- 著者
-
陳 韻如
都甲 さやか
- 雑誌
- 美術研究 = The bijutsu kenkiu : the journal of art studies
- 巻号頁・発行日
- no.417, pp.1-42, 2016-01-21
“Bird-and-flower” and “landscape” subject matter had both already appeared in Chinese painting during the Tang dynasty. Despite differences from the perspective of discourse with landscape painting, which had developed its own, no specialized terminology for bird-and-flower painting had appeared at that time. Nevertheless, the history of bird-andflower painting from the Tang to Song dynasties is of great importance. This study analyzes significant results in the development of bird-and-flower painting between the Tang and Song dynasties (eighth to eleventh centuries). In doing so, the author has discovered that changes and developments in the idea of “landscaping” led to a process of incubation, formation, and development for bird-and-flower painting during the Tang to Song period. Several essential points in the study include the following. First, archaeological evidence from wall paintings reveals that, in the period between the eighth and ninth centuries, bird-and-flower subject matter developed out of the different categories of figure painting and decorative design.
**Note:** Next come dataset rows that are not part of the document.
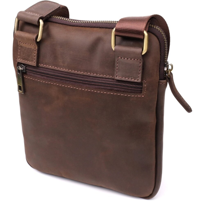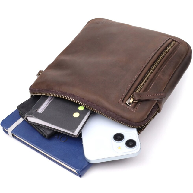 Стильна чоловіча вертикальна сумка SHVIGEL виконана з натуральної коричневої вінтажної шкіри, яка згодом набуває благородного відтінку та шарму. Компактний розмір та продумане внутрішнє наповнення роблять аксесуар практичним та зручним для повсякденного використання.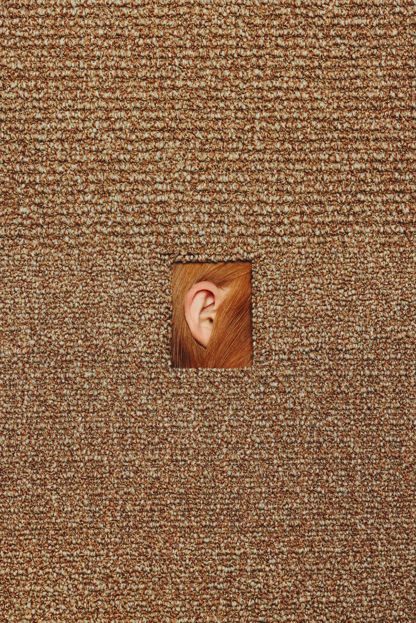 ← SOUND. An ear emerges through Dimensional Fade in Molten Sienna from MOHAWK GROUP, listening through layers of tufted texture. Sound finds its way through rust and cream fibers where the carpet’s dense, tactile surface both muffles and frames what can be heard beneath.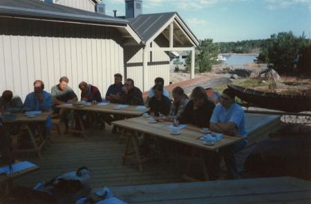 Färgfotografi på en grupp människor (icke namngivna) som deltar vid en kurs i uppstoppning av fåglar på Ålands Jakt- och Fiskemuseums innergård.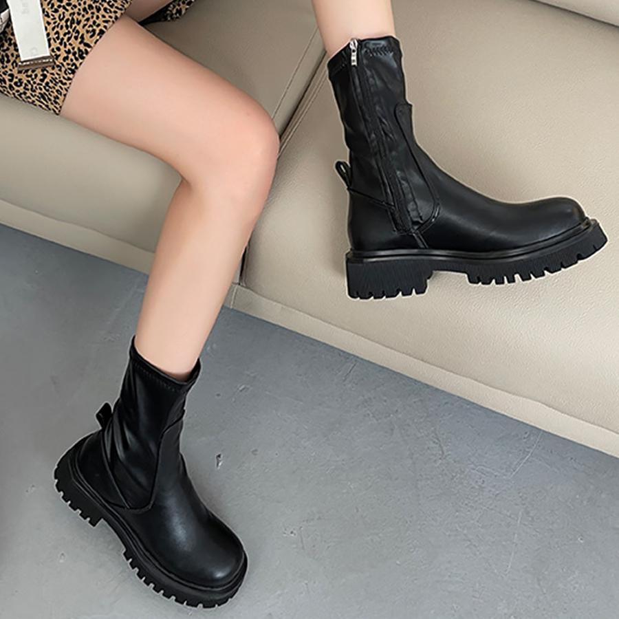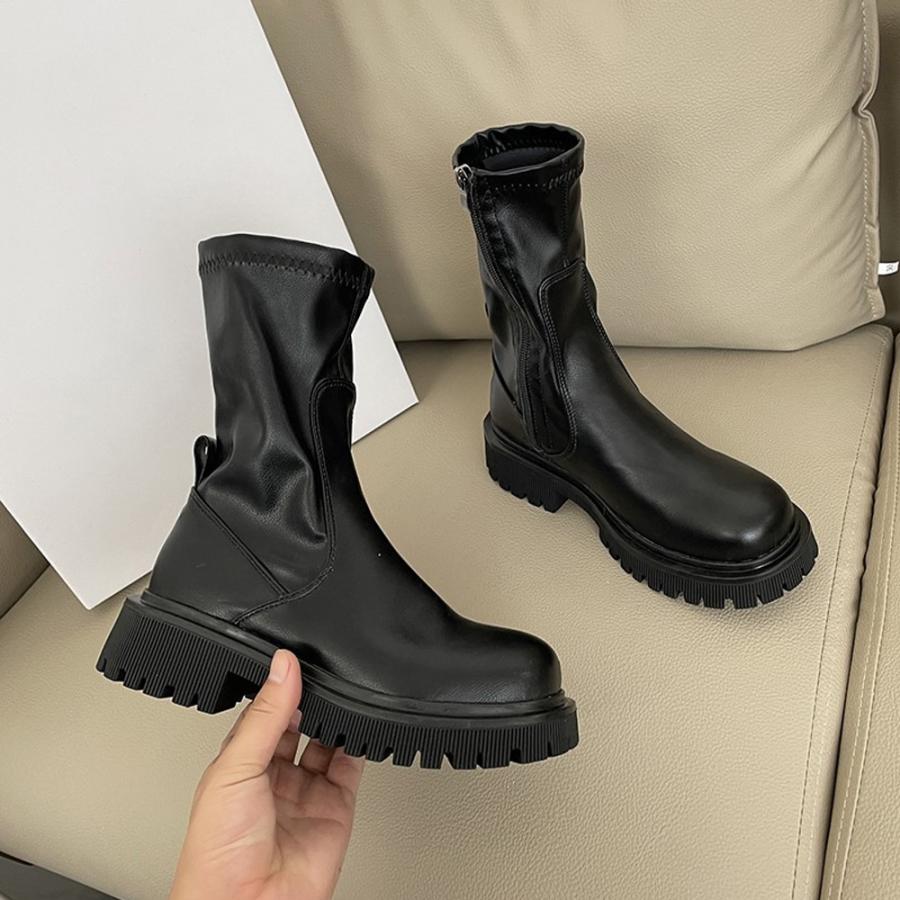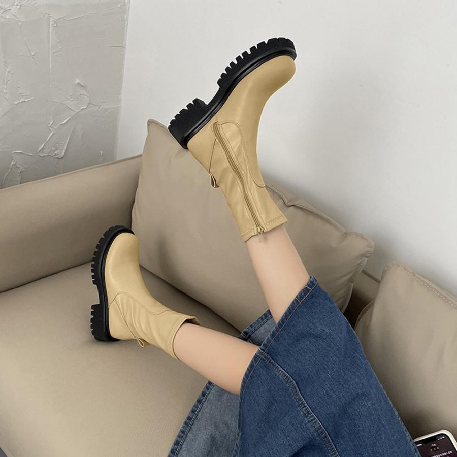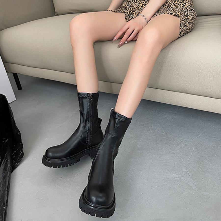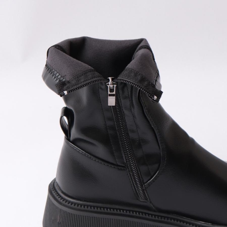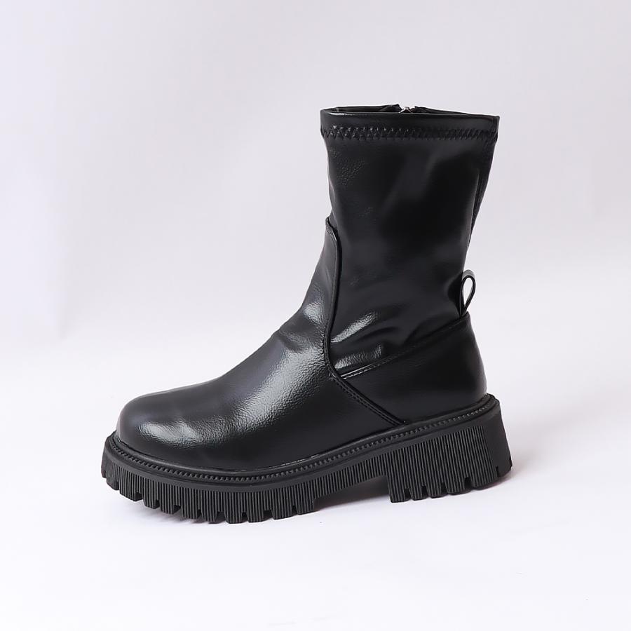 ストレッチ ミドルブーツ サイドジップ 歩きやすい 秋冬 カジュアル 疲れにくい シューズ お洒落 ワークブーツ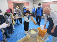 もちつきをして、それを振る舞いながら交流を図っていました。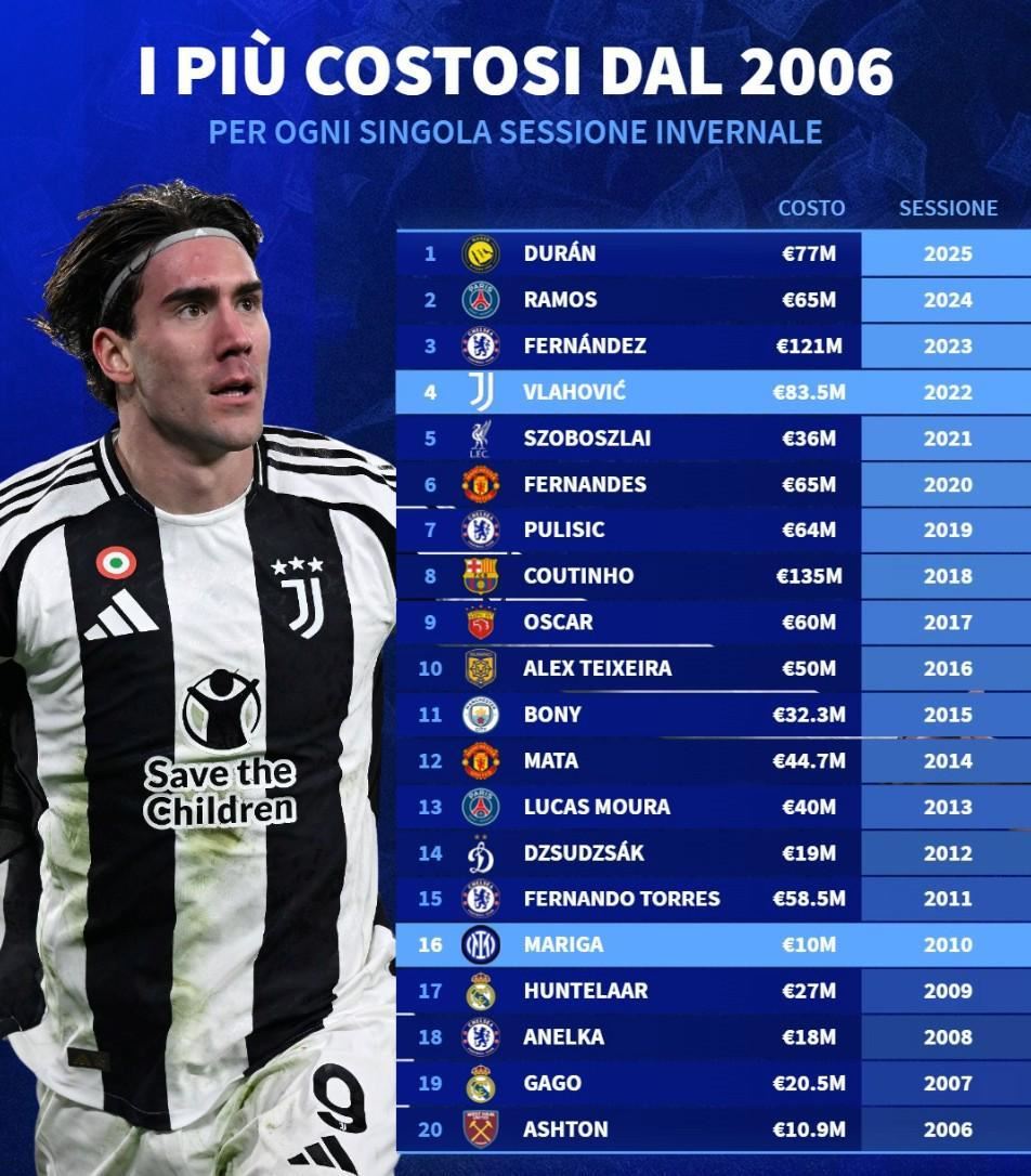 德转列2006年至2025年全球冬窗标王: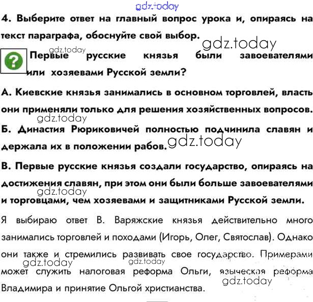 На страницах сайта gdz.today вы найдете учебный и вспомогательный материал, направленный на улучшения знаний школьной программы. ГДЗ - онлайн мир знаний §4-5. Образование Древнерусского государства Учебник 2016 (решение) стр.48 Учебнику по Истории России для 6 класса Андреев, Федоров Дрофа, Дрофа Вертикаль 2016, 2020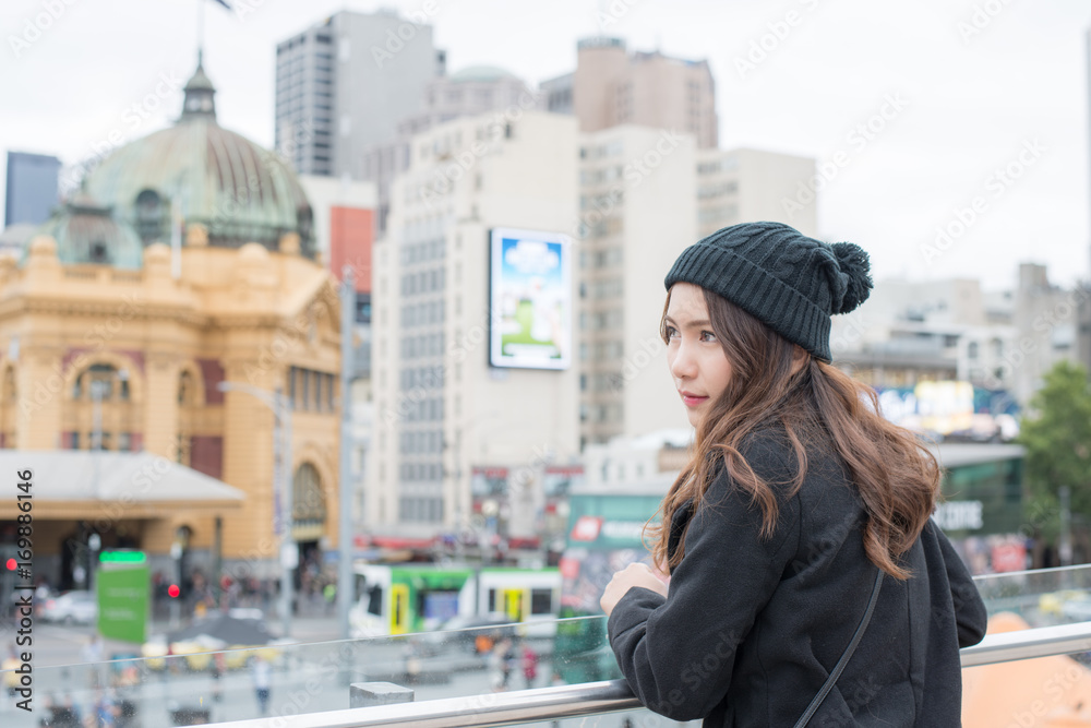 Portrait of Asian women travel in Melbourne the most liveable city in the world of Victoria state of Australia.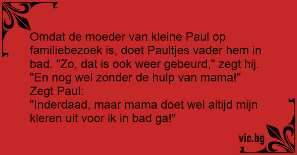 Omdat de moeder van kleine Paul op familiebezoek is, doet Paultjes vader hem in bad. "Zo, dat is ook weer gebeurd," zegt hij. "En nog wel zonder de hulp van mama!" Zegt Paul:

Second, the study shows the maturation of “natural landscaping” around the ninth and tenth centuries, in which refined scenery was arranged in a painting according to the nature of the things depicted therein, representing the beginnings for the foundation of an independent bird-andflower painting category. And third, with the achievements of such painters as Huang Quan and Huang Jucai in the latter half of the tenth century, the results originally in “natural landscaping” went through a period of change, leading to the pursuit of a further developments for a “fusion of feeling and setting” seen in the paintings of Cui Bo later in the eleventh century. This study points out that the construct of “painting surface” in bird-and-flower painting of the eleventh century differed from that of the previous generations. Not only did “units” develop according to the nature of things on the “painting surface,” an emphasis was placed on the relationship between these “units” to form a “fusion” of unity, thereby expressing further meaning and implication beyond the view of nature in the painting. The probe in this study of a series of developments explains the “transformations in bird-and-flower painting” in terms of trajectories, influences, and art-historical significance.